“While Rand’s inner circle continued to fray, Objectivism in New York was reaching fever pitch. With much fanfare, in May 1967 NBI signed fifteen-year lease on offices in the Empire State Building, then the world’s tallest building. Even though their offices were in the basement, it was still an ideal address.”
—Goddess of the Market: Ayn Rand and the American Right (Jennifer Burns, 2008)
On the morning of September 11, 2001, I didn’t know the difference between National Review and The New Republic. (By all means, write your own joke…) I was groping for guidance, as I always had, in the written word, but my knowledge of lofty (and, I hoped, helpful) American political journals was restricted to Woody Allen’s line in Annie Hall that “Dissent and Commentary had merged and formed Dysentery.”
After getting properly oriented, I became curious about the evolution of U.S. conservative and libertarian publications, and basically inhaled George H. Nash’s The Conservative Intellectual Movement in America Since 1945. Nash’s classic introduced me to what I think of as “the old, weird, other America,” that of The Freeman and Albert Jay Nock, anti-Communist folk music and Isabel Paterson.
Of those who populated that long-passed world, only the name of Ayn Rand retains widespread recognition, almost 75 years since the release of her first novel (and subsequent cultural phenomenon), The Fountainhead. I don’t think Jennifer Burns meant it as such, but that bit above, about Rand’s riven yet driven disciples loudly setting up longish-term shop in the lowest level of the highest skyscraper, serves as an uncannily apt metaphor for Rand’s standing on the right.
Last week, The Guardian reported with predictable snark that Ayn Rand’s work has been added to the U.K.’s politics A-level curriculum.
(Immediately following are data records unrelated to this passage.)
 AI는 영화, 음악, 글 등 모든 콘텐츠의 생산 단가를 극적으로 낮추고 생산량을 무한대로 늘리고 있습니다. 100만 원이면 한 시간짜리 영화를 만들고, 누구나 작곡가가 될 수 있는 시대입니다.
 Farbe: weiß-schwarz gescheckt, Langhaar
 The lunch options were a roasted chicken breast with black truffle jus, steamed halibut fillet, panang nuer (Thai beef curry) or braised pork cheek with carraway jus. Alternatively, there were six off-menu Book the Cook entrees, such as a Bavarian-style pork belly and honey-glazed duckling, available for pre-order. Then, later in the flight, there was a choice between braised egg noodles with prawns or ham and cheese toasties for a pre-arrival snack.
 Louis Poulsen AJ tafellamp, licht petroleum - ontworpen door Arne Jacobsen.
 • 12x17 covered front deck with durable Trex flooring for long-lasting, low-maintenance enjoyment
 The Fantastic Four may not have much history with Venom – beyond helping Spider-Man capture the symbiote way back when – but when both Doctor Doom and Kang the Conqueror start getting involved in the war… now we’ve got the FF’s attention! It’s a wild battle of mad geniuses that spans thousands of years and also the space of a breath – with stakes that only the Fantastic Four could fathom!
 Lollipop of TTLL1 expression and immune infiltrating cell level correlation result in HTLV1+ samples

They note that Rand is “achingly on trend” and “having a moment.” Oh, dear. By my amateur estimation, Rand’s “moment-having” has been reoccurring every seven or eight years since the end of the Second World War, yet is always heralded with the same air of surprise and alarm.
Not that I am an unalloyed fan of the woman. Of course, like countless conceited teenagers before and after me, I was relieved to learn of Rand’s very existence, let alone her staggering success—evidence, surely, that more of “us” were not only out there, somewhere, but right.
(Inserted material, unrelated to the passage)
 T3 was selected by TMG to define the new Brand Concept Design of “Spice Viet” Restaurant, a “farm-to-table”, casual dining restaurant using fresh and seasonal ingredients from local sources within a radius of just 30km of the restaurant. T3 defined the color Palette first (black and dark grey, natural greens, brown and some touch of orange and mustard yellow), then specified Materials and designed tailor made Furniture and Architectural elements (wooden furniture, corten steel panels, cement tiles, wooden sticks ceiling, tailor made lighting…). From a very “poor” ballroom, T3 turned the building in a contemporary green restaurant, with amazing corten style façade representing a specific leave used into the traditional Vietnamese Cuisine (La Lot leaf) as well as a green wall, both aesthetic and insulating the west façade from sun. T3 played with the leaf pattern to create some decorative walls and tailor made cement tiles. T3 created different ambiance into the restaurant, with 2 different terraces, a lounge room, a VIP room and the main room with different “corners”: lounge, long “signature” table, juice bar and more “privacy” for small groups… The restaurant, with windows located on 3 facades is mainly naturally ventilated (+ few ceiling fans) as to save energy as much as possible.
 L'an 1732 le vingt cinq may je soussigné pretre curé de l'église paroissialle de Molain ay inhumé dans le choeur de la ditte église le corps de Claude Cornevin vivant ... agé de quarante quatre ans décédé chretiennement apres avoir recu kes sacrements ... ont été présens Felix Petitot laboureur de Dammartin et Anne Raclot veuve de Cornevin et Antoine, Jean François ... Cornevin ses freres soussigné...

Especially for a particular variety of female, Rand’s mannish ambition and uncompromising idealism set a rare and welcome example. Unlike Florence King, who broke her braces trying to mimic The Fountainhead’s imperious heroine, I found Rand’s thick fictions impossible to swallow.
However, I eagerly read The Virtue of Selfishness while in high school. (I want to type “of course”; Could a book title better calculated to appeal to the adolescent mind possibly be conceived, other than perhaps 101 Ways to Murder Everyone Around You and Get Away With It?)
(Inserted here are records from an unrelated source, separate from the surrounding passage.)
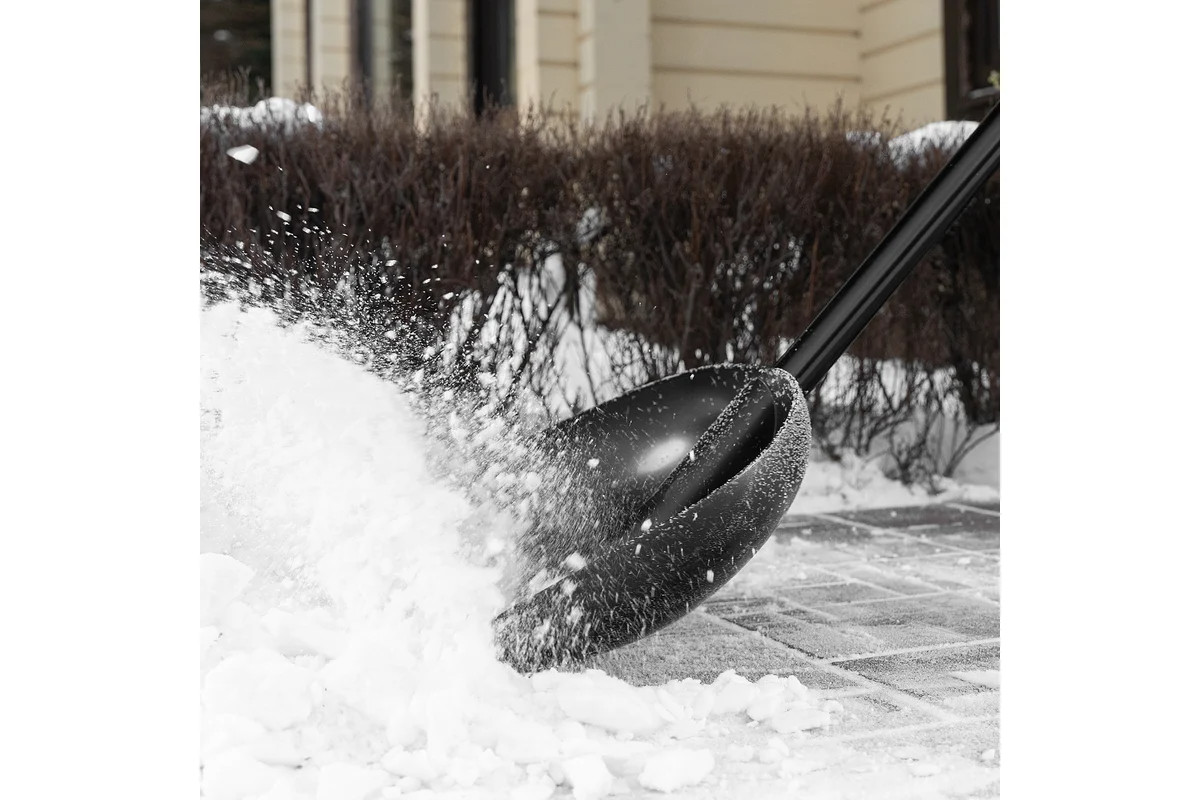 Пластиковая лопата с алюминиевым черенком, позволяет облегчить уборку снега. С ее помощью можно очистить дорожки в загородном доме, выезд из гаража и т.д. С облегченной лопатой весом 1,1 кг легко справится женщина или подросток. Длина инструмента составляет 1390 мм, что позволяет снизить нагрузку на спину. Преимущества: - Морозостойкость — ковш выполнен из ударопрочного полипропилена, который выдерживает низкие температуры. - Эффективная работа — углубленный ковш с высокими бортиками вмещает большое количество снега. - Очищение от слежавшегося снега и наста — накладка из алюминиевого сплава защищает кромку ковша от повреждений и истирания. - Надежность — черенок закреплен заклепками, дополнительные ребра жесткости повышают устойчивость ковша к нагрузкам. - Комфортная работа — эргономичная дополнительная рукоятка обеспечивает надежный хват и оптимальное распределение нагрузки.
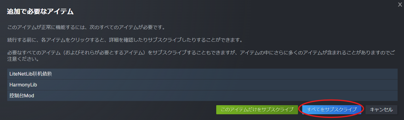 追加で必要なアイテムが表示されるので「すべてをサブスクライブ」を押下。
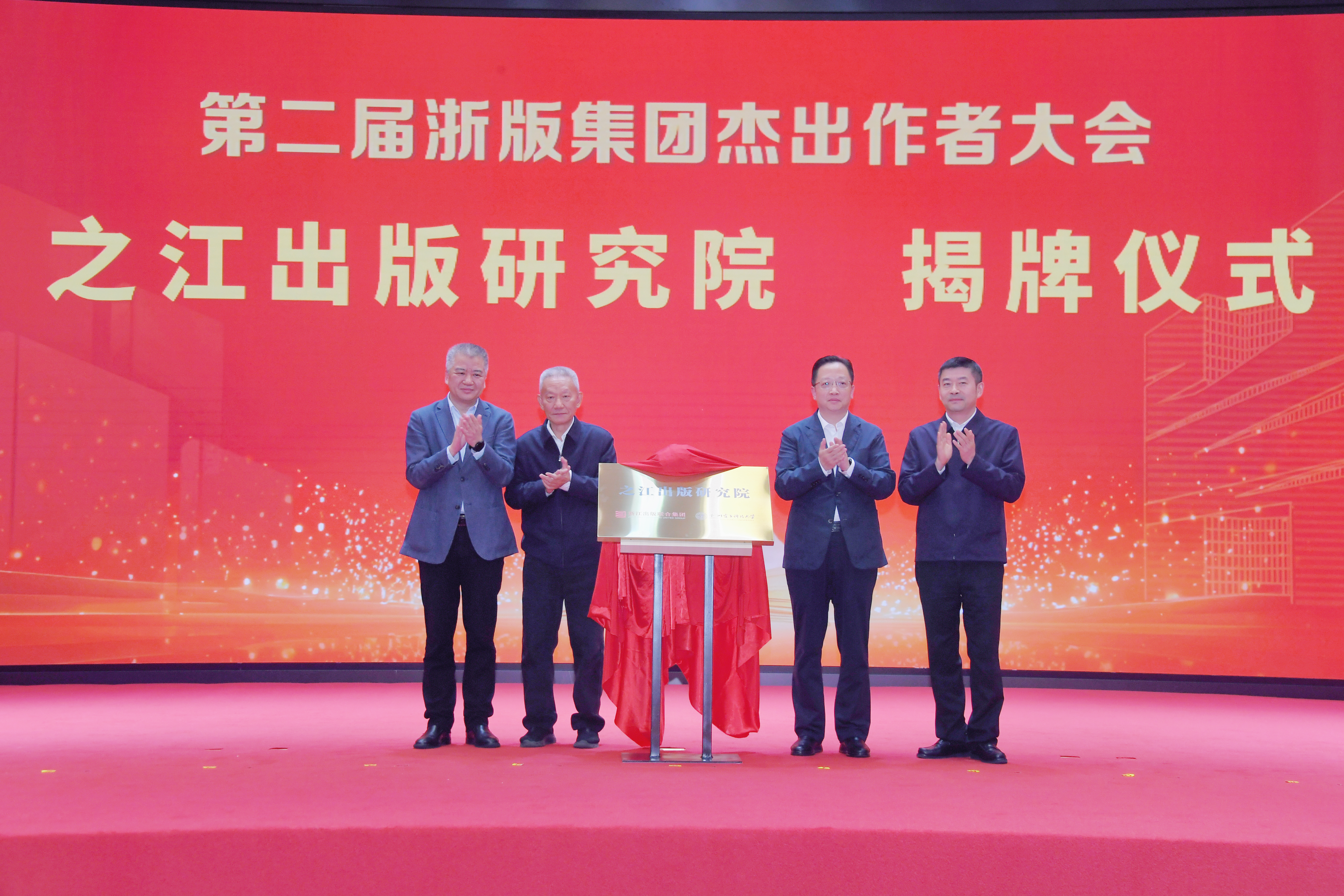 10月25日,第二届浙版集团杰出作者大会在杭州召开。本次大会上,浙江省委宣传部副部长虞汉胤、中国出版协会理事长邬书林、杭州电子科技大学党委书记王尧祥、浙江出版联合集团董事长、党委书记程为民共同为杭电与浙版集团共建的“之江出版研究院”揭牌。
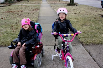 Eden got a new manual wheelchair, a Zippie Zone...in pink of course. It took 6 months to complete the process, but it was fully covered between our private insurance and CSHC. We haven't had a whole lot of time to practice using it yet, but she is already pretty good at pushing and steering it. Our long-term goal is that she will continue to use her power chair when we are outdoors or for longer distances, but will use the manual chair in smaller settings (like at school). So far, we are happy with it. Eden sits well in it and it is pretty easy for her to maneuver. It puts her a eye-level with her peers, and while slightly tall for her now, will eventually be good for her learning to transfer (particularly to the potty) independently. I will post a more thorough review in the future when we have had more of a chance to use it.

Reading Goddess of the Market much later in life, I finally met the woman behind the philosophy. Rand doesn’t start out so bad, at least in Burns’ telling. Who can blame the Russian-born Rand, watching helplessly as Communists seize her father’s pharmacy, for growing up to be a furious foe of collectivism (and realpolitik compromise), whose übermensch heroes fight back against the “parasites, moochers and looters,” and win?
Yet the sprinklings of patriotic, almost Capra-esque populism that softened The Fountainhead’s unavoidable elitism are absent entirely in her follow-up, Atlas Shrugged, replaced by an almost hallucinatory misanthropy. What happened, Burns wonders, in the intervening thirteen years?
The answer seems obvious to me now, rereading her book in my 50s:
Ayn Rand, the avatar of adolescence, was going through The Change.